The two siblings shared a love of music and science, and Caroline worked as her brother’s assistant, providing technical support for the telescopes he built. She also was the first woman to be credited as the discoverer a comet (it’s called Comet C/1786 P1) and, after King George III began paying her, the first female scientist to ever be paid for her work. Caroline was awarded a Gold Medal from London’s Royal Astronomical Society and a Gold Medal for Science from Prussia’s King Frederick William IV.

8. The Wright Siblings

Wilbur Wright and his sister, Katherine.
A photo of Wilbur and Katherine Wright in 1909.
Historica Graphica Collection/Heritage Images/Getty Images

We know that Wilbur and Orville Wright were the inventors of the first successful airplane. But Katharine, the Wright brothers’ youngest sibling, played a huge role in facilitating her brothers’ aviation success. After graduating from Oberlin, Katharine worked as a Latin teacher in Dayton, Ohio. Although she wasn’t an engineer, she frequently corresponded with her brothers when they were in Kitty Hawk, North Carolina, testing airplane prototypes. The brothers bounced ideas off of her, and she gave them emotional support and encouragement when they worried that flight simply wasn’t possible. Katharine also helped run her brothers’ bicycle company, which provided the funds that the brothers used to finance their airplane experiments.

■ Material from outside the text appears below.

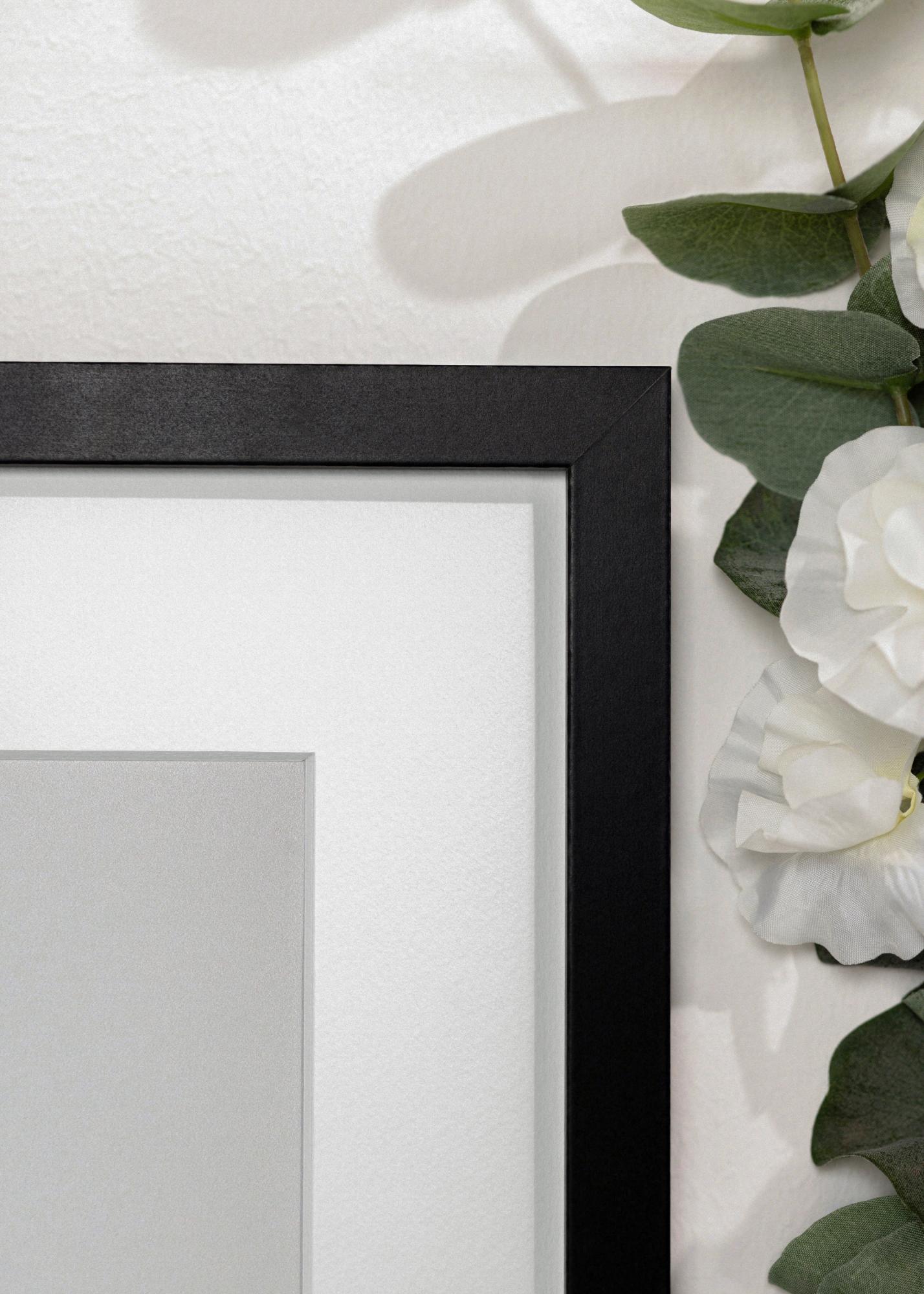 Svarte bilderammer er klassikere av en grunn - de er enkle å matche med ulike interiørstiler, samtidig som de er et fint supplement til motiver i forskjellige farger. Dette er en variant utstyrt med akrylglass, som er et lett og uknuselig glass med krystallklar skarphet. Rammelisten er 18 mm bred og 18 mm dyp og har en stilren firkantet profil.

Additionally, Katharine played an integral role in publicizing the Wright Brothers’ success, encouraging them to give speeches and do public flight demonstrations. Katharine even learned French, so she could hobnob with European royalty and aristocracy, spreading the word of her brothers’ aeronautical achievement.

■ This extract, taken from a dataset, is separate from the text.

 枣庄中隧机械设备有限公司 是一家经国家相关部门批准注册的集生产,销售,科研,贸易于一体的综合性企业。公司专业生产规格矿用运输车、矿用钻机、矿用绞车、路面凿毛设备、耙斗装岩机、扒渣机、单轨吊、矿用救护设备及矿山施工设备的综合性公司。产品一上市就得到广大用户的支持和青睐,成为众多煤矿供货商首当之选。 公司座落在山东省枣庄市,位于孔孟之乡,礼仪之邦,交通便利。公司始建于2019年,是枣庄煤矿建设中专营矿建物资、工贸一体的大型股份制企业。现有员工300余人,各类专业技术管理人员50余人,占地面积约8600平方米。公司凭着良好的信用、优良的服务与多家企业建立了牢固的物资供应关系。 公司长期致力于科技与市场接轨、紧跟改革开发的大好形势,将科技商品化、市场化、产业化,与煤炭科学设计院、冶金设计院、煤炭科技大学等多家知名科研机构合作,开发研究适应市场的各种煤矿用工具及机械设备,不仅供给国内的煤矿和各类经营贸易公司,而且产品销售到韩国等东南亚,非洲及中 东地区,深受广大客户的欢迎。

9. Harriet and Catharine Beecher

Harriet Beecher Stowe
Though most of the world knows Harriet Beecher Stowe, her sister, Catharine, made tremendous strides for women's education.
Culture Club/Getty Images

Harriet Beecher Stowe's famous novel Uncle Tom’s Cabin was a landmark piece of work for the anti-slavery movement, but she also had 12 siblings, many of whom also worked tirelessly for causes like abolitionism and women’s suffrage. Catharine, the oldest sibling, was passionate about seeing young girls become educated, and she opened the Hartford Female Seminary in Hartford, Connecticut, in 1824. Working from textbooks she wrote herself, Catharine taught groups of young girls everything from philosophy and art to chemistry and algebra. During her life, she opened schools in Ohio, Wisconsin, Iowa, and Illinois.

10. The Brontë Sisters

Anne, Emily, and Charlotte Bronte
Anne, Emily, and Charlotte Bronte
Rischgitz/Getty Images

Decades before J.R.R. Tolkien would create Middle-Earth, Charlotte, Emily, and Anne Brontë wrote stories together in childhood that revolved around fantasy worlds with names like Angria and Gondal. After a brief separation when they reached young adulthood, the sisters eventually reunited in 1845, following the death of their aunt Elizabeth, and began writing together once again. The next year, they published a book of poems under pen names titled Poems by Currer, Ellis and Acton Bell. Soon, each sister would write her own defining work: Charlotte published Jane Eyre in 1847, while Emily penned Wuthering Heights the same year, and in 1848, Anne Brontë published The Tenant of Wildfell Hall.